» ASSIGNMENT
Write the full listing out again, word for word, but omit the pictures.

START DATASET EXCERPT

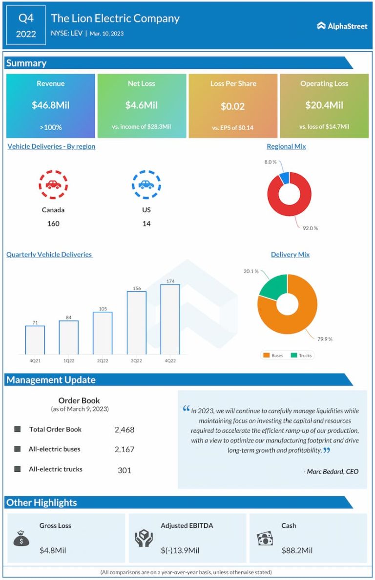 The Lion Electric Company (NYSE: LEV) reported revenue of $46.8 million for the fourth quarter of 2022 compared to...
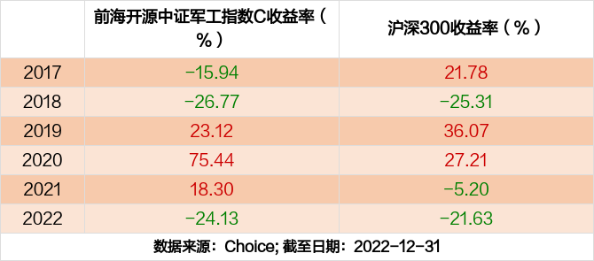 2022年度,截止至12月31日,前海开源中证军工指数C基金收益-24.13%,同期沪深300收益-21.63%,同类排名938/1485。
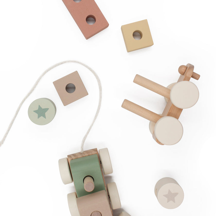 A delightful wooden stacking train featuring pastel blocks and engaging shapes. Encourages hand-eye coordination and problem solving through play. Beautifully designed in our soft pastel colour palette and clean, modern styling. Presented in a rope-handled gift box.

END DATASET EXCERPT

» OUTPUT OF THE TASK
 The Lion Electric Company (NYSE: LEV) reported revenue of $46.8 million for the fourth quarter of 2022 compared to...
 2022年度,截止至12月31日,前海开源中证军工指数C基金收益-24.13%,同期沪深300收益-21.63%,同类排名938/1485。
 A delightful wooden stacking train featuring pastel blocks and engaging shapes. Encourages hand-eye coordination and problem solving through play. Beautifully designed in our soft pastel colour palette and clean, modern styling. Presented in a rope-handled gift box.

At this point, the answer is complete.